» **WHAT YOU HAVE TO DO**: Copy task, pictures excluded: set down exactly the lines from the one containing "TOP IR 50 Weiß" to the end of the data below.

» **SOURCE MATERIAL**:
+ + + + + + +

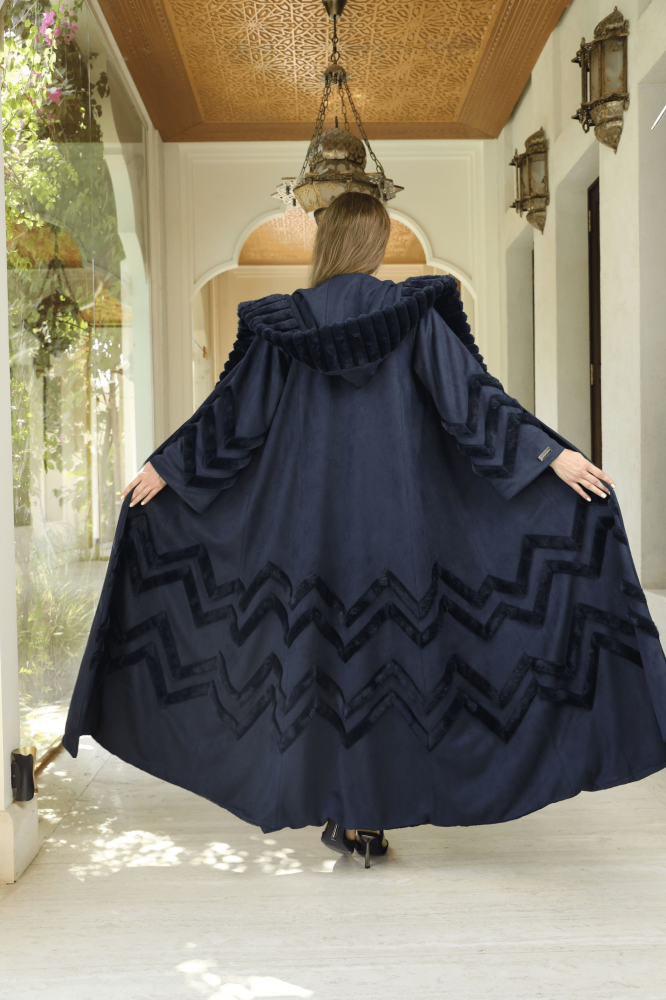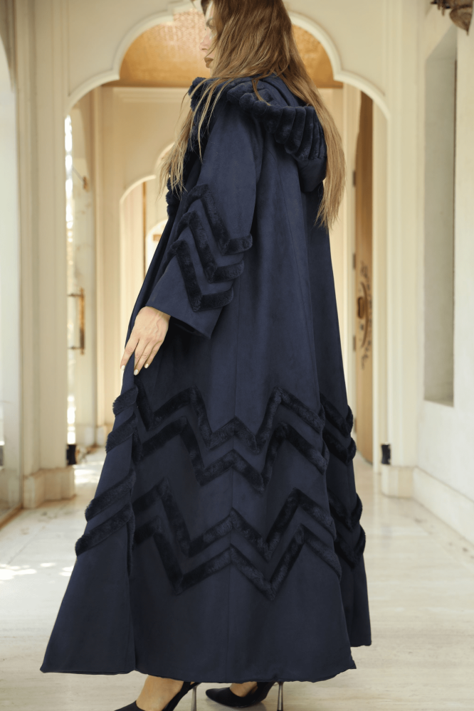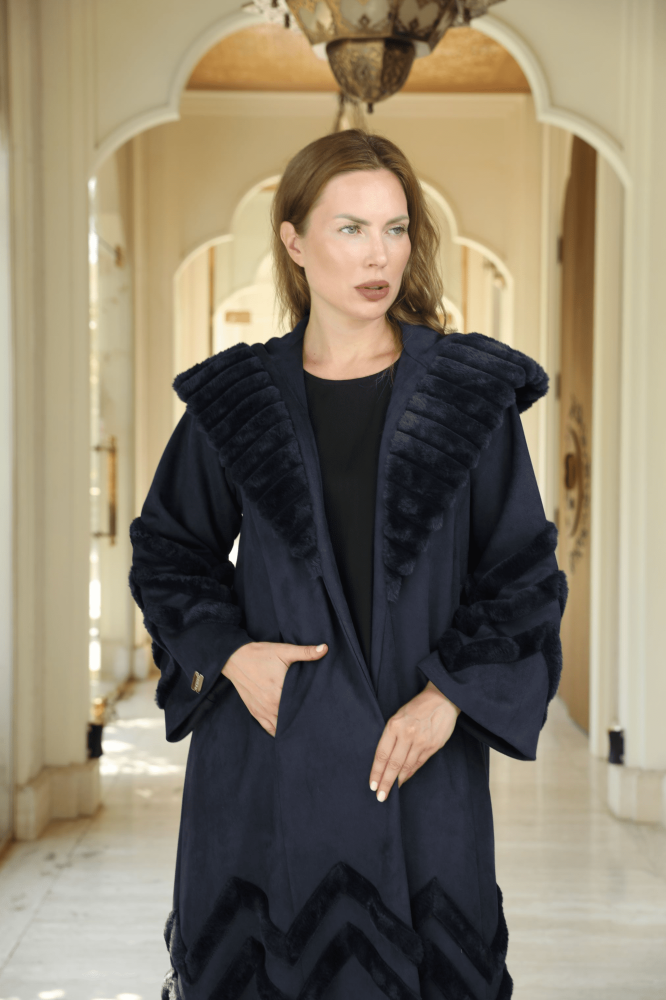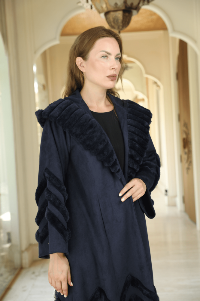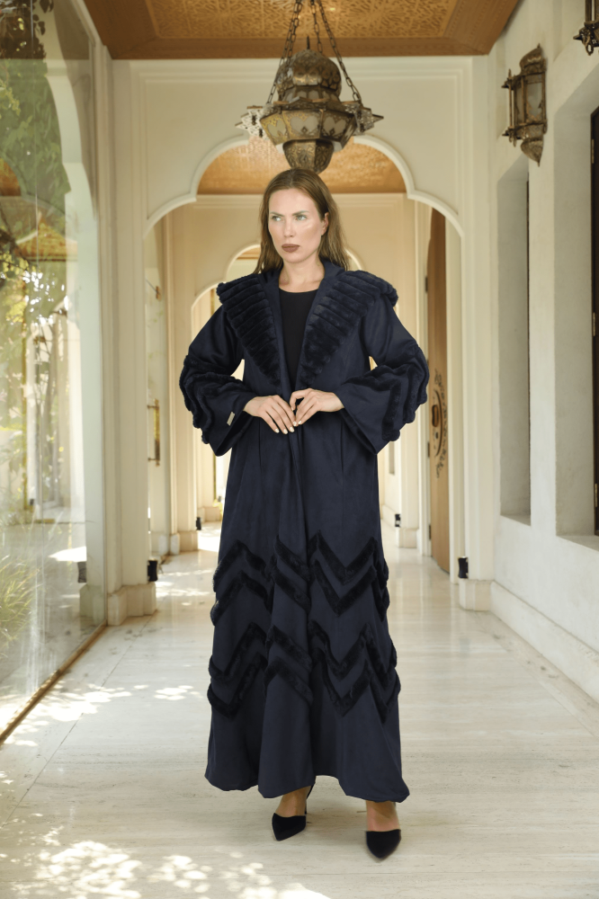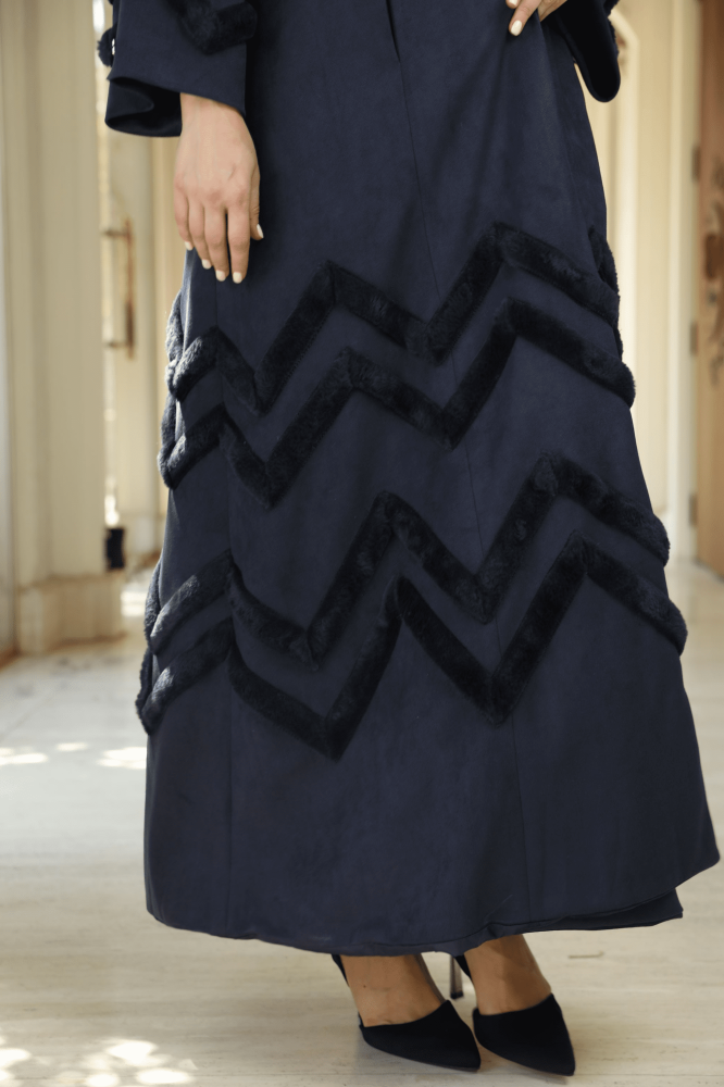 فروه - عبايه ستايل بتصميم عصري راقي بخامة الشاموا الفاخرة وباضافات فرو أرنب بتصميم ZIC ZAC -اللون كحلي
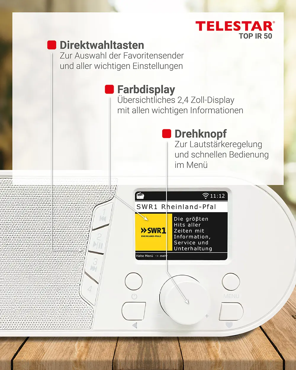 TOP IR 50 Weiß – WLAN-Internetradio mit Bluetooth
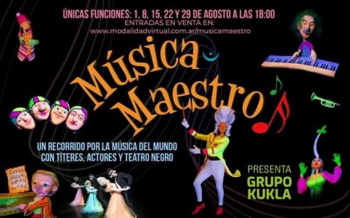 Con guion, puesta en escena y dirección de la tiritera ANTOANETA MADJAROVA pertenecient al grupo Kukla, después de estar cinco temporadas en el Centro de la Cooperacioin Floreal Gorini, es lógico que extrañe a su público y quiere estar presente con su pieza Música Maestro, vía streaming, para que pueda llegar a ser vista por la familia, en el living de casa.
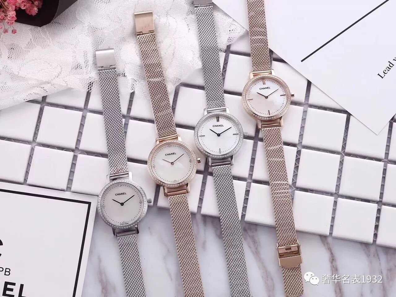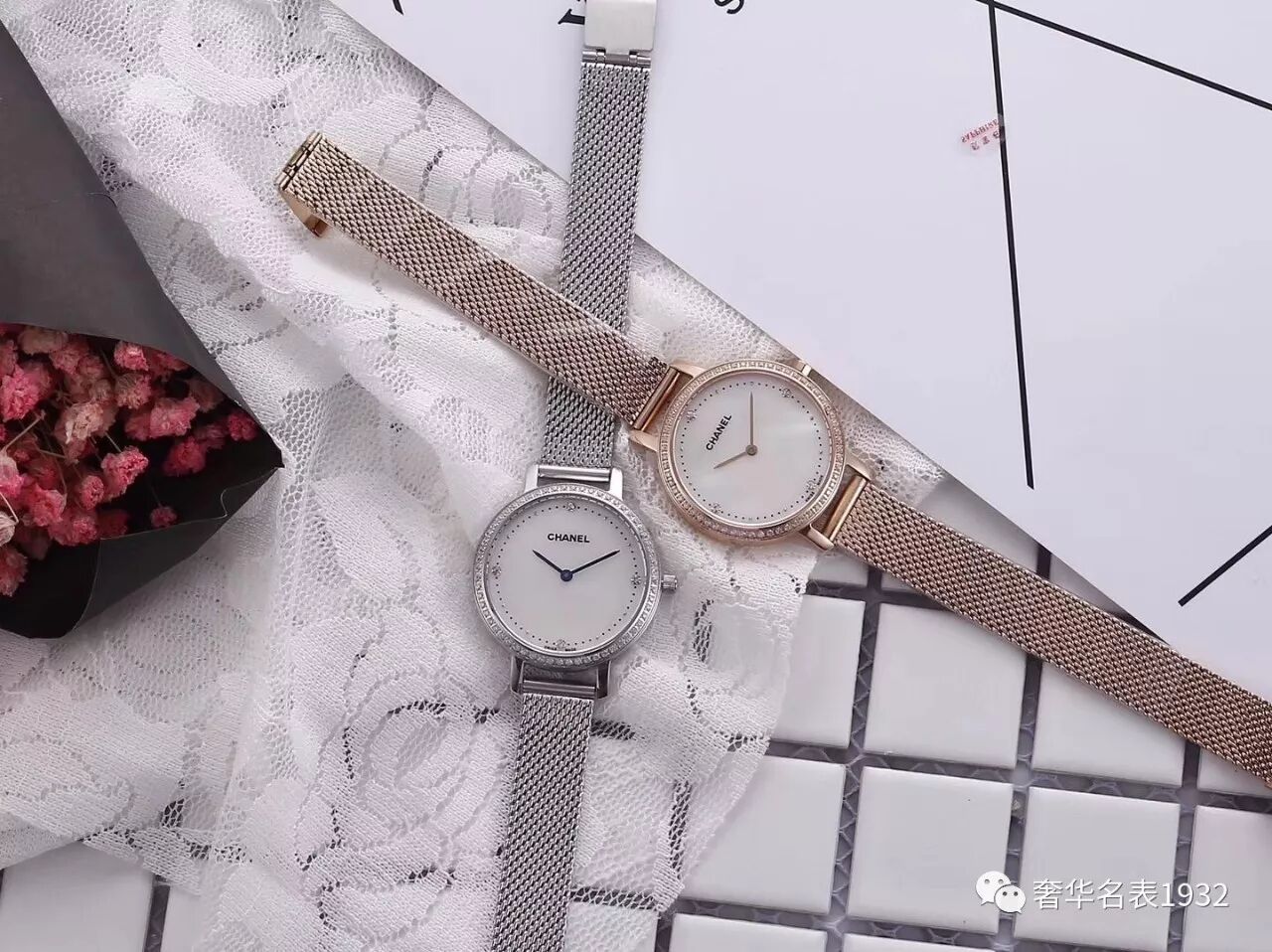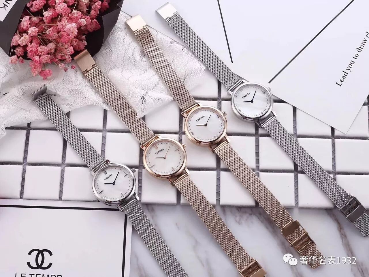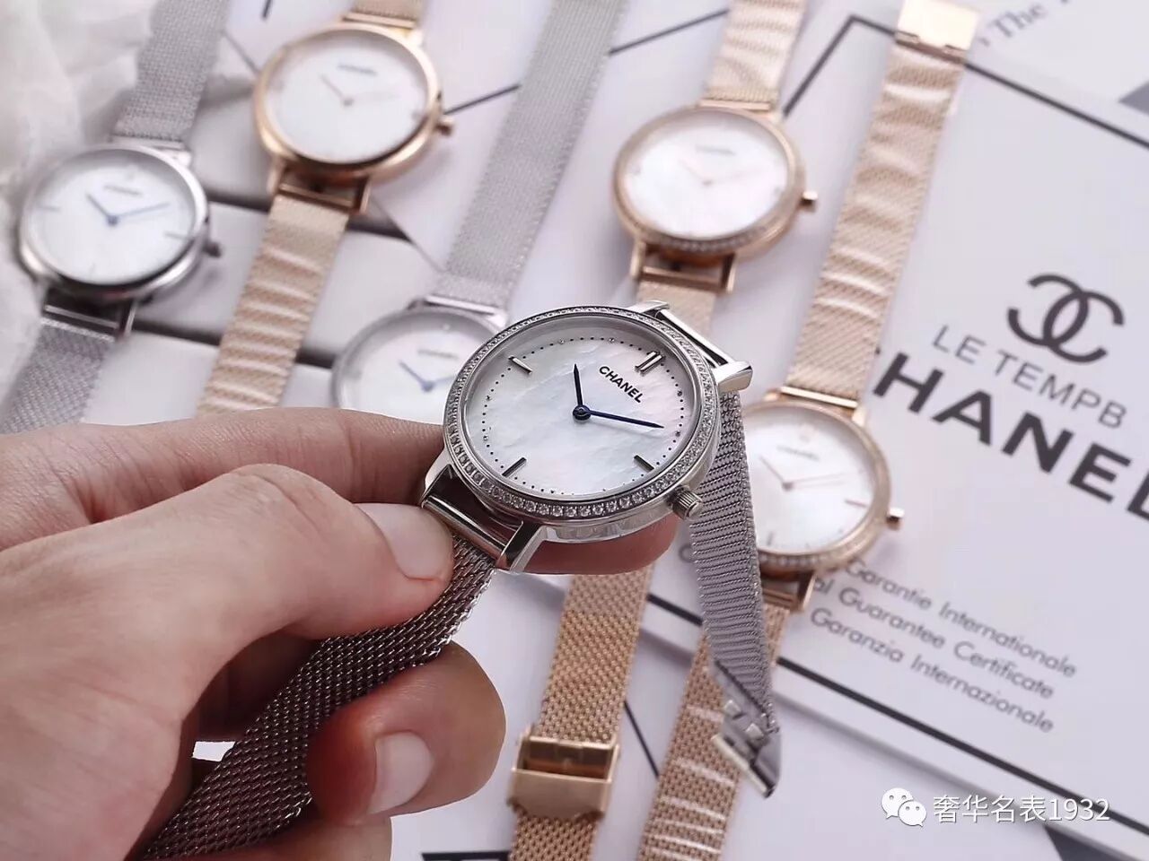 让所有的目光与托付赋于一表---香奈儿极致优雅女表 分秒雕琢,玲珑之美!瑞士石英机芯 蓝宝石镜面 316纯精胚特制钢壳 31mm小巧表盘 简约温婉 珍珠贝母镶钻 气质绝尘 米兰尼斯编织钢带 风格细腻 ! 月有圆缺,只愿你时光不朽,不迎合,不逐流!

+ + + + + + +

» **TASK RESULT**:
 TOP IR 50 Weiß – WLAN-Internetradio mit Bluetooth
 Con guion, puesta en escena y dirección de la tiritera ANTOANETA MADJAROVA pertenecient al grupo Kukla, después de estar cinco temporadas en el Centro de la Cooperacioin Floreal Gorini, es lógico que extrañe a su público y quiere estar presente con su pieza Música Maestro, vía streaming, para que pueda llegar a ser vista por la familia, en el living de casa.
 让所有的目光与托付赋于一表---香奈儿极致优雅女表 分秒雕琢,玲珑之美!瑞士石英机芯 蓝宝石镜面 316纯精胚特制钢壳 31mm小巧表盘 简约温婉 珍珠贝母镶钻 气质绝尘 米兰尼斯编织钢带 风格细腻 ! 月有圆缺,只愿你时光不朽,不迎合,不逐流!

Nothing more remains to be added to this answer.